I wonder what the actual impact of GPS is on the battery, especially if you consider that without builtin GPS you need to enable wifi/bluetooth for the smartphone connection and that will also use some power.
I never really tested this, apart from noticing that even if I accidentally leave the camera in GPS mode 1, it will drain the battery only very slowly. Maybe it loses 5% per day, but even if it were 10%, I'd happily take that. All of my DSLRs (7DII, 6DII, 5DIV) almost always survive the day on a single battery, no matter what I do with them. So with the more power-hungry mirrorless cameras I'd probably need two batteries per day most of the time, but that should then also leave enough power for GPS, I'd hope.

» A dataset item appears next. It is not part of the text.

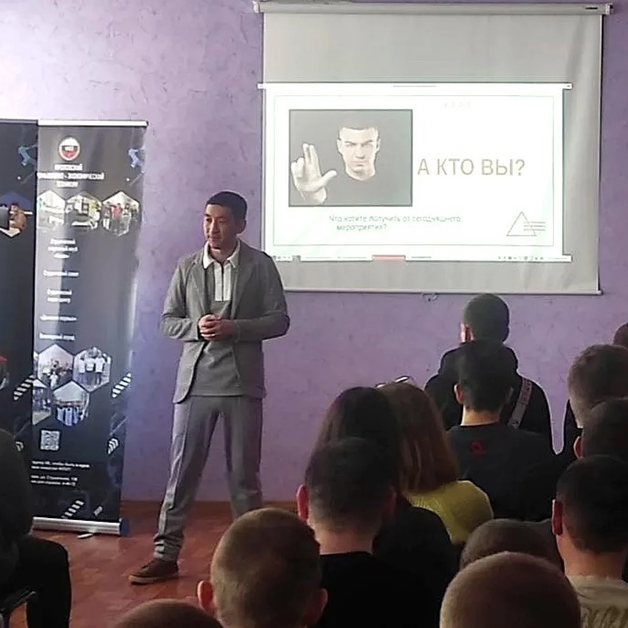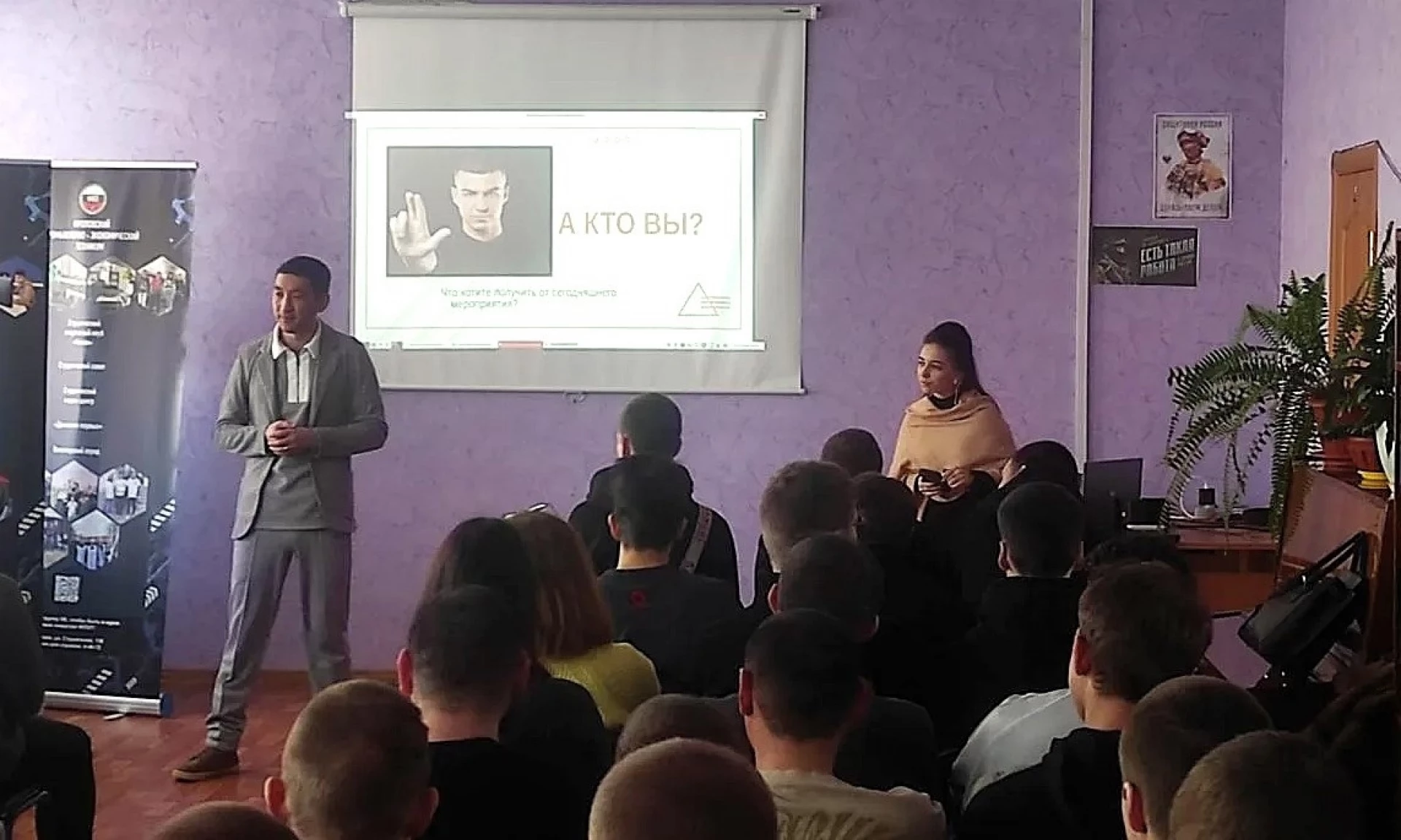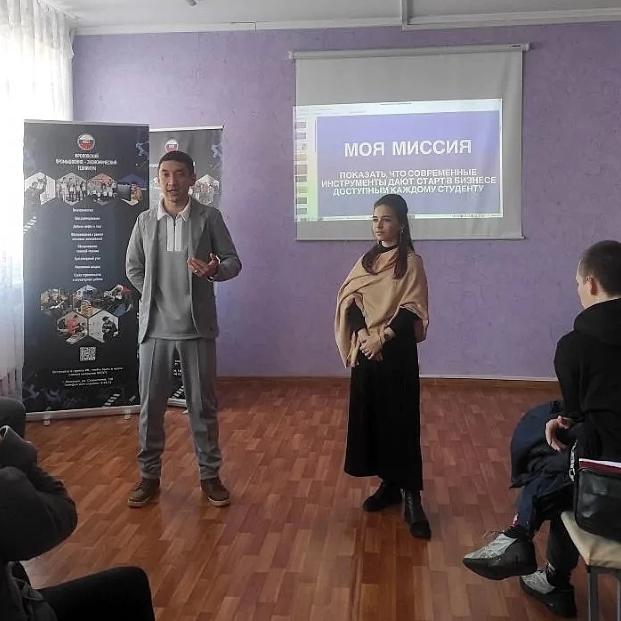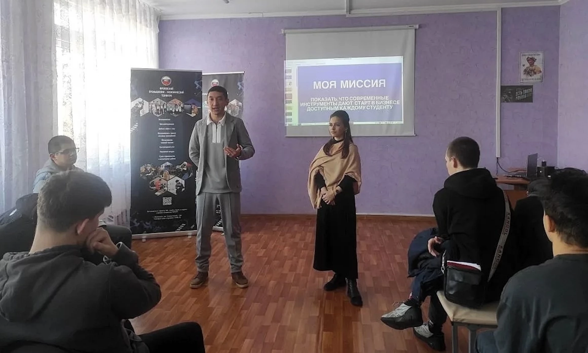 Первая часть визита была полностью посвящена молодежи. Мастер-класс для студентов провели Председатель Комитета по развитию молодежного предпринимательства Волгоградской «ОПОРЫ РОССИИ» Болат Мурзагалиев и заместитель Председателя Комитета, окружной представитель по ЮФО сообщества «Росмолодежь.Предпринимай» по развитию молодежного предпринимательства Татьяна Прошина.

That sounds like a better explanation to me. But compared to the DSLRs, the mirrorless cameras got smaller (maybe sometimes even too small, at least for my hands), so perhaps they could sacrifice some of that to properly integrate GPS again? If they do not want to do that everywhere, then at least in one of their bodies (maybe the R5?), so that they can still offer something that is as small as possible (R8, maybe R6) and something that is a bit larger (and more expensive) but also more capable.
I briefly considered buying the R3, since it is not that much heavier than my 5DIV (about 200g), but the integrated battery grip makes it too cumbersome to carry my usual way (capture clip on the hip belt of my backpack, or within the backpack behind a side access door, for which it might be bit too large (which is then also a problem with external solutions like the GP-E2)).
This is what I did before buying my first 7DII. But it has all the drawbacks of any "second device" solution, and now you also need synchronized clocks or the points will not be accurate. My GPS logger back then had a small display, so I could take a photo of its clock to calculate the offset, but I was so happy when I didn't need to do that anymore with the 7DII, I don't want to go back to that.
External loggers cost around 100-200€. But for the comfort of built-in GPS I'd also pay 500€.
Great, I'd be interested to read that
What battery improvements do you think are necessary? Perhaps they just need some more modern (GPS) technology: I bought a cheap (~100€) smartwatch this year. The whole thing just weighs 30g and has a 270mAh battery (so around 1Wh, assuming this is some standard ~3,8V battery). It can record GPS tracks for more than 20h using less than 10% of the LP-E6's capacity. Why should it take a camera more than that to geotag some photos?